Inoue specializes in serving women in their mid-30s through to their early-40s, partly because she also belongs to that generation and also because she knows women in this group especially have a hard time finding the right clothes, she said. “Women over 35 suddenly feel that it is much harder to find appropriate clothes,” she said. “Yes, their physique changes, but it’s not just that. For many, this is the time in their careers when they get important posts and feel they need serious work clothes.” But people in this age group are also in an “air pocket,” she said, between the market for young women and the “misesu (Mrs.)” clothes market, which targets women in the late 40s to 60 with often gaudy (and tasteless, at least to the eyes of this reporter) dresses with big floral patterns and long black skirts whose only merit seems to be hiding their round features all the way to their ankles.

Despite the 24,150 yen fee that Inoue charges for a two-hour closet inspection and 16,800 yen for a two-hour shopping escort, one client said she was happy to have Inoue’s help. “It’s really reasonable when I think about the time I might have to spend researching and browsing various stores,” said a 31-year-old career woman in Tokyo who recently met Inoue in Ginza, which Inoue had chosen, to pick clothes for her upcoming sightseeing trip to Europe.

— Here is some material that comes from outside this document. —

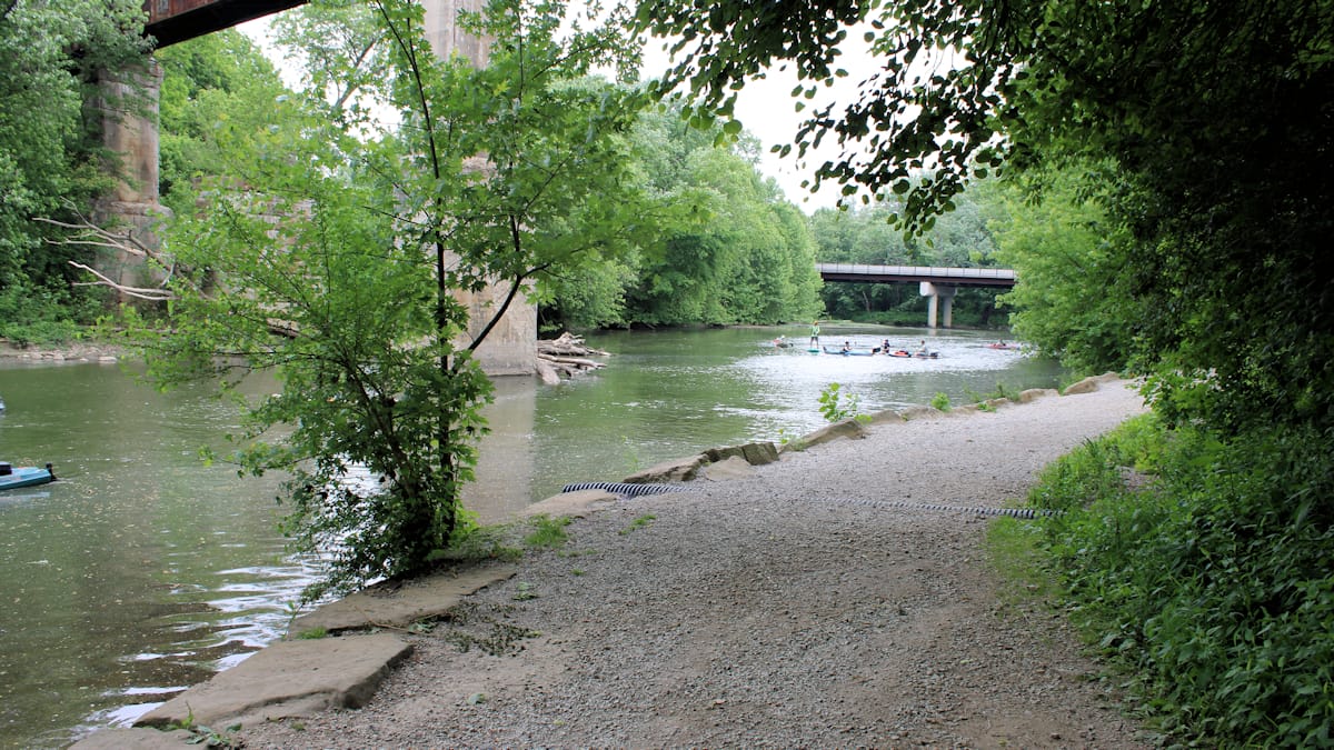 The Licking River carved this gorge through Black Hand sandstone over millions of years, and now you get to walk through it on a paved rail-trail. The gorge walls rise 100 feet on either side, and the river glides alongside the path. It's an easy, flat walk — great for families or anyone who wants scenery without scrambling. The name comes from a hand-shaped petroglyph that was carved into the rock by Native Americans — dynamited in the 1800s for canal construction, because of course it was.

It was her second shopping trip with Inoue, following on from the first occasion about a year ago.

“You can easily waste that much money on clothes that you won’t wear twice, especially at the moment, when there are bargain sales and you feel like you must buy something,” she said.

The woman declined to give her name, saying that styling was such a personal affair that she found it embarrassing to reveal that she was getting professional help. But she did agree to a photo.

“I guess some people ask people close to them, like their sisters, to come shopping with them, but I didn’t happen to have such helpers around,” she said.

The slim, attractive woman, who is single and whose demanding job with a fast-growing IT venture makes her miss the last train home almost daily, had already told Inoue her shopping priorities of the day: A long, down jacket; a pair of long, leather boots; a bag to match the coat; and maybe a snazzy one-piece dress, too — so long as they all stay within her budget of 200,000 yen. Inoue, through e-mail exchanges and the previous shopping trip with the client, knew the woman’s style preferences (“casual yet elegant”), and she had already browsed stores in the area and picked out her recommendations beforehand. So the shopping session progressed smoothly, with Inoue keeping her professional smile intact and leading the way, while the career woman simply followed her into one store after another and tried on the suggested items. Inoue asked all the questions, requested different sizes from clerks and even decided which color of dress her client would try on. All the client had to do was to put them on, stand in front of the mirror and, of course, pay for the clothes she chose.

Despite the beginning-of-the-year bargain-hunting crowd, the whole session lasted only about two hours, and every time the career woman got a bag of clothes, Inoue reached for it and carried it for her.

While she stayed professional throughout, Inoue emphasized that it was her experience as a thrifty mom, rather than her fashion expertise, that made her stand out as a personal stylist. “I’m a housewife after all,” she said, pulling the fabric of a dress with her hands to test its sturdiness. “I don’t want anyone’s money to be wasted.”